■ Directions:
Take the lines from the beginning of the material through the line containing "L'une des options" and retype them exactly, leaving the pictures out.

■ Exercise data:
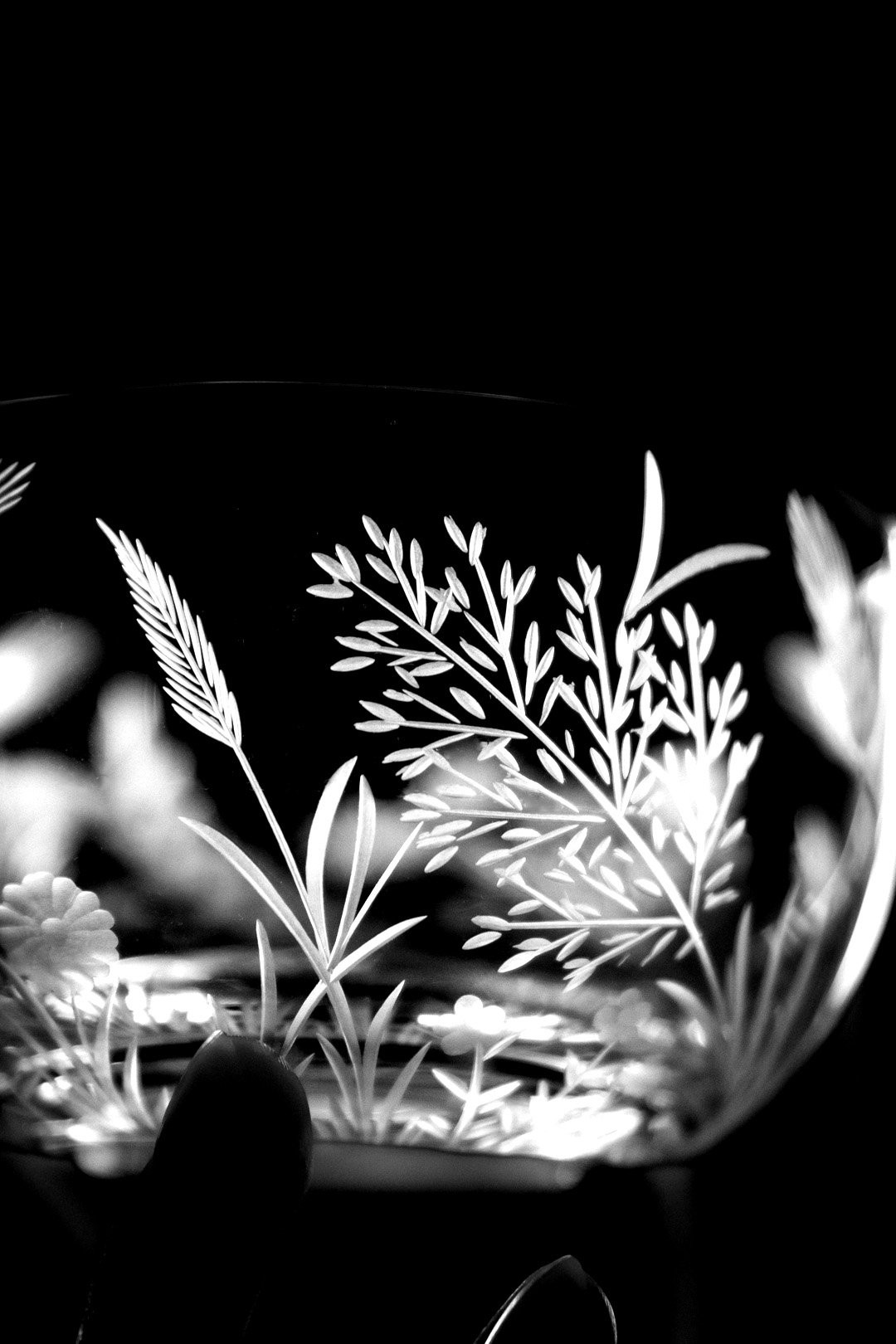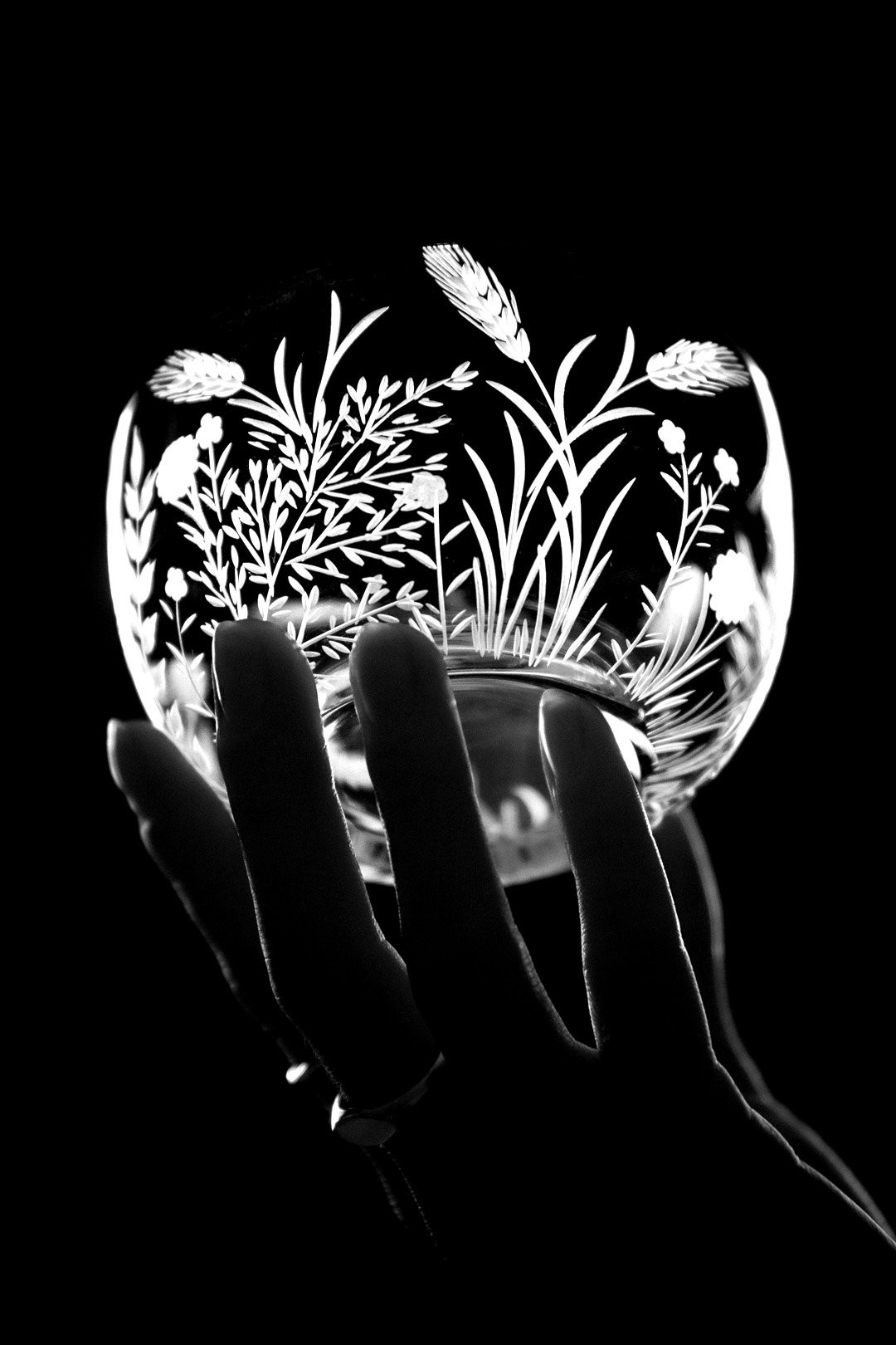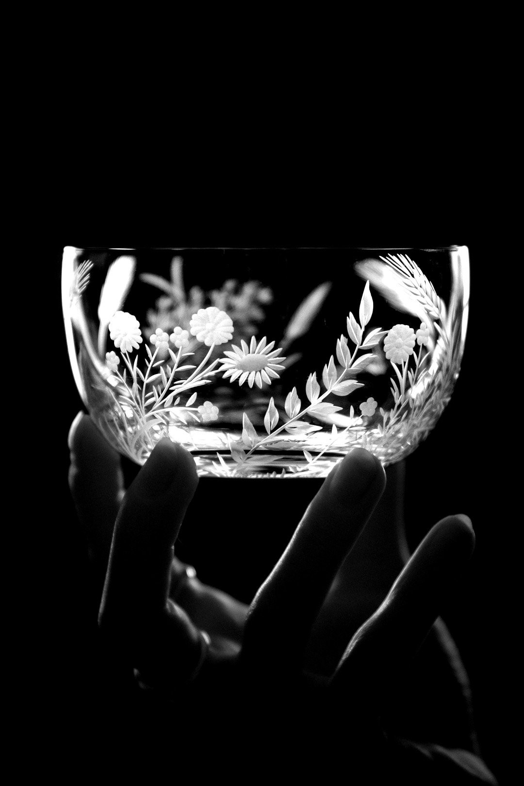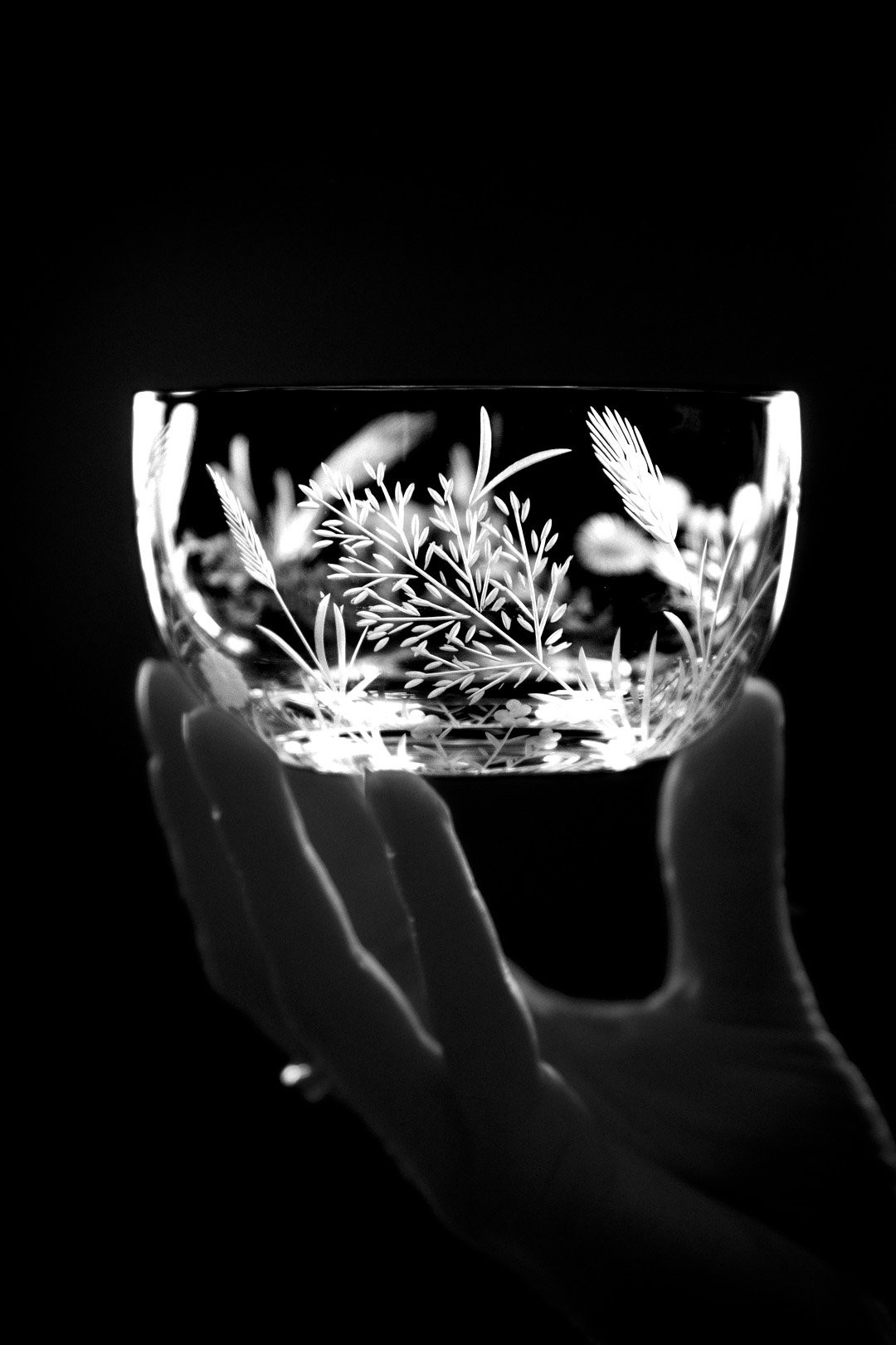 Sklo: Čiré, Ručně ryté, Bezolovnatý český křišťál
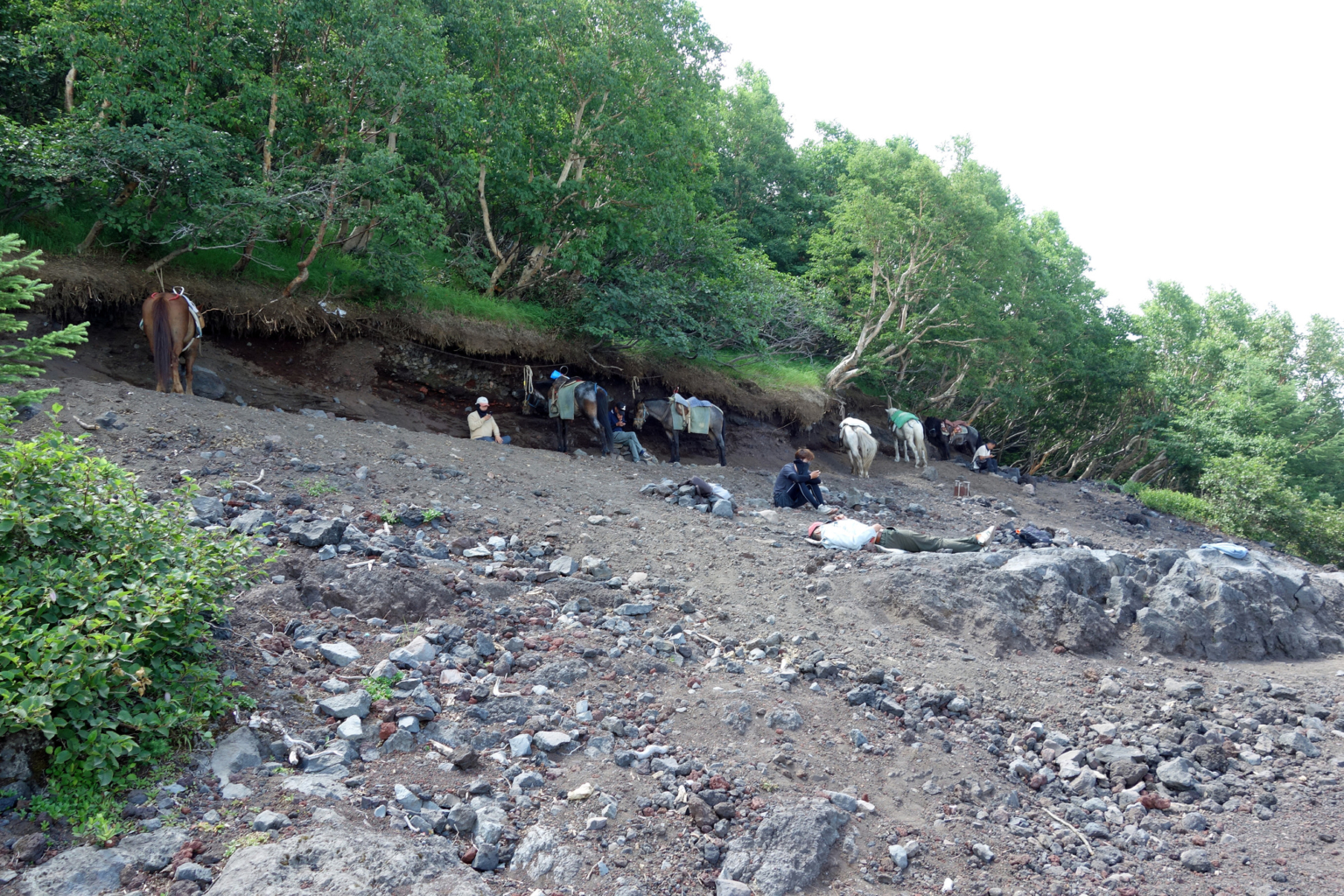 また、途中の獅子岩付近には、馬が待機しており、足を痛めた人や疲労が激しい人向けの下山サポートとして利用可能です。
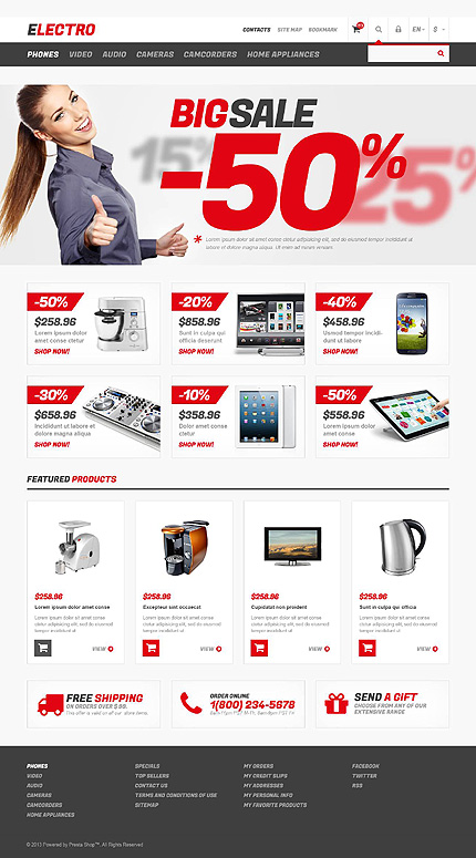 Template Name: White Electronics Store PrestaShop Theme by Hermes Item number: 45299 Template Type: PrestaShop Author: Hermes Downloads: 1 PrestaShop Engine: 1.5.4.1 PrestaShop Compatibility: 1.5.x The template is fully compatible with PrestaShop 1.5.x. But sample data SQL files are only compatible with the exact version of PrestaShop Engin...
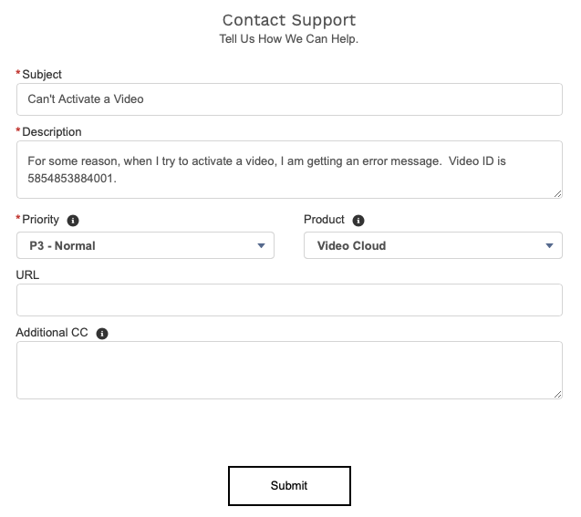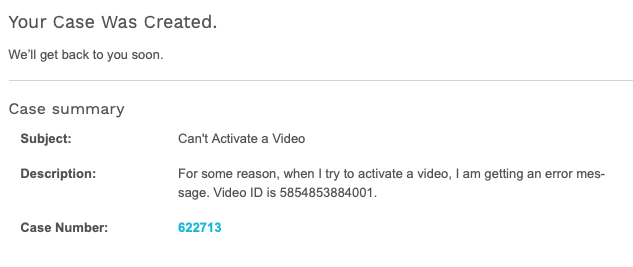 L'une des options de support est le portail de support qui peut être utilisé pour ouvrir un dossier avec Brightcove Support.
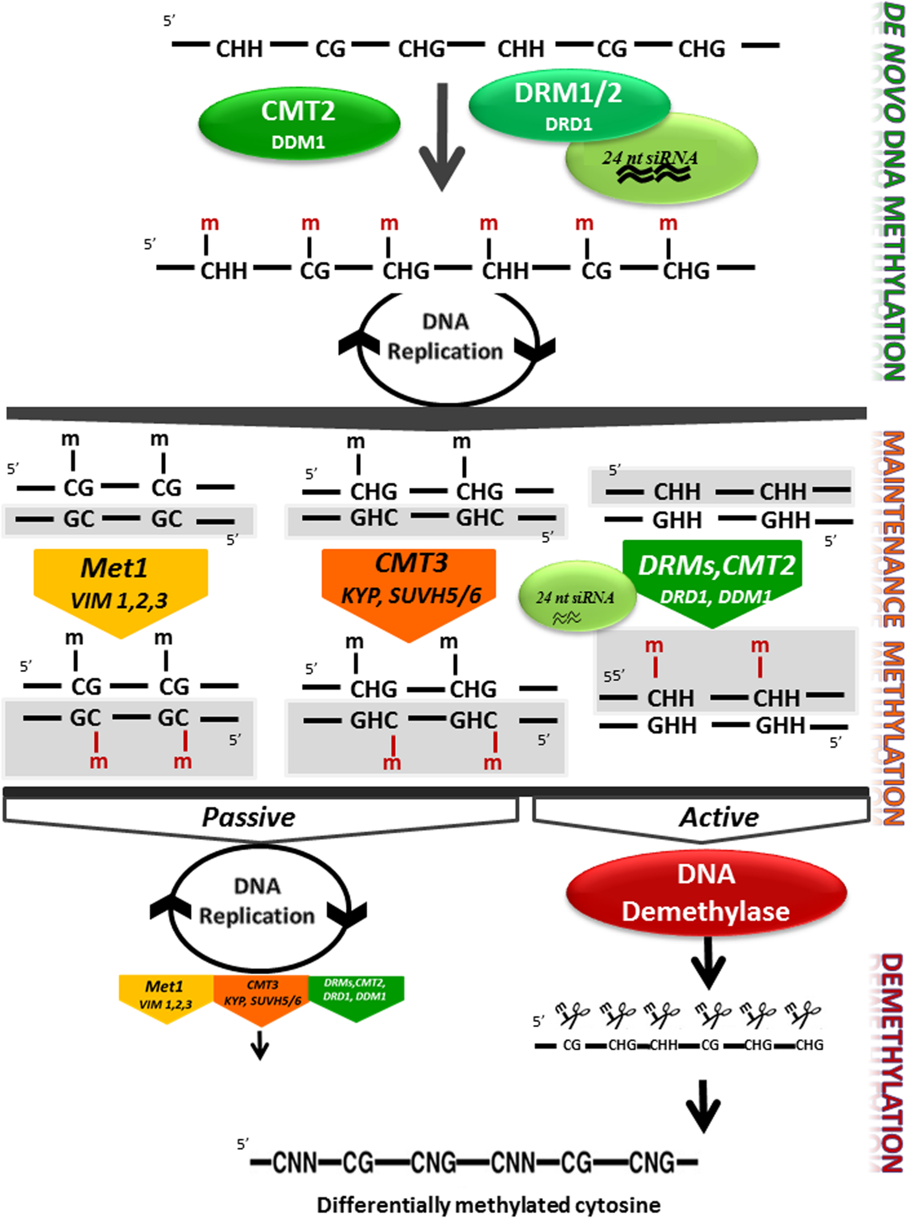 DNA methylation control in plants. Methyltransferases and DNA demethylases are involved in 5mC de novo methylation, maintenance methylation, and demethylation in higher plants. De novo DNA methylation is set up by the RNA directed DNA Methylation (RdDM) pathway involving the DRM1/2 methyltransferases, DRD1 and 24 nt long small RNAs, and by the chromomethylase CMT2 with DDM1 in the CHH sequence context at heterochromatic regions (Zemach et al., 2013). Details of the RdDM pathways are shown in Figure 3. After replication, newly produced DNA will be hemi-methylated at CG and CHG symmetrical sites, but at CHH sites one of the two newly synthesized DNA molecules will not be methylated. Maintenance methylation in the CG context depends on MET1 and VIM1, 2 and 3, and maintenance in the CHG context is catalyzed by CMT3. CHH methylation maintenance depends both on the RdDM pathway and on CMT2 activity. Both CMTs are dependent on histone methylation mediated by KYP and SUVH5 and 6. DNA demethylation can occur passively in a replication dependant way, when the methylation machinery is not or poorly active. 5mC cytosine can be actively removed by DNA glycosylase lyase independently from DNA replication. Newly synthesized DNA strands are highlighted in gray Enzymes names are based on the Arabidopsis model. DRM1/2, CMT2/3 (CHROMOMETHYLASE 2/3), MET1 (cytosine-DNA-methyltransferase 1), VIM1–3 (VARIANT IN METHYLATION 1–3), KYP/SUVH4 [KYP/Su-(var)3–9 homolog 4], SUVH5/6 [Su-(var)3–9 homolog 5/6], DRD1 (DEFECTIVE IN RNA-DIRECTED DNA METHYLATION), DDM1 (DECREASE IN DNA METHYLATION), and 24 nt siRNA (24 nucleotide small interfering RNAs).
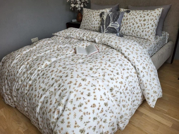 Постільна білизна з гумкою Кардамон двоспальний розмір 180х215 см, жатка, турецький ранфорс гофре , наволочки 70х70, 100 ба
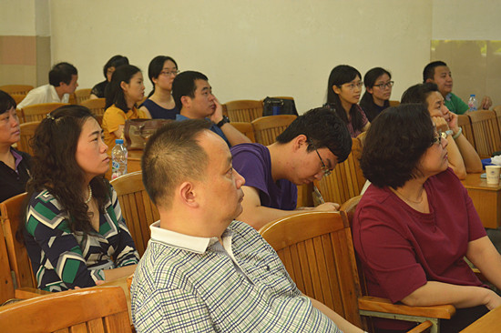 在杨可院长简单的开场白后,郑立华教授直奔主题,简单概括了小语种专业教师的科研之路。接着,他提出了教师们在现阶段面临的主要问题:教学与科研间的冲突、教师生活压力大、科研体制不合理和小语种论文发表途径小。他也指出在这些问题之下呼吁改变科研体制、怨天尤人和置之不理等做法是无用的,小语种专业教师们关键是要“动起来”,要时常反省自己最近在做什么、应该研究哪一方面和是否有写论文。

■ Task solution:
 Sklo: Čiré, Ručně ryté, Bezolovnatý český křišťál
 また、途中の獅子岩付近には、馬が待機しており、足を痛めた人や疲労が激しい人向けの下山サポートとして利用可能です。
 Template Name: White Electronics Store PrestaShop Theme by Hermes Item number: 45299 Template Type: PrestaShop Author: Hermes Downloads: 1 PrestaShop Engine: 1.5.4.1 PrestaShop Compatibility: 1.5.x The template is fully compatible with PrestaShop 1.5.x. But sample data SQL files are only compatible with the exact version of PrestaShop Engin...
 L'une des options de support est le portail de support qui peut être utilisé pour ouvrir un dossier avec Brightcove Support.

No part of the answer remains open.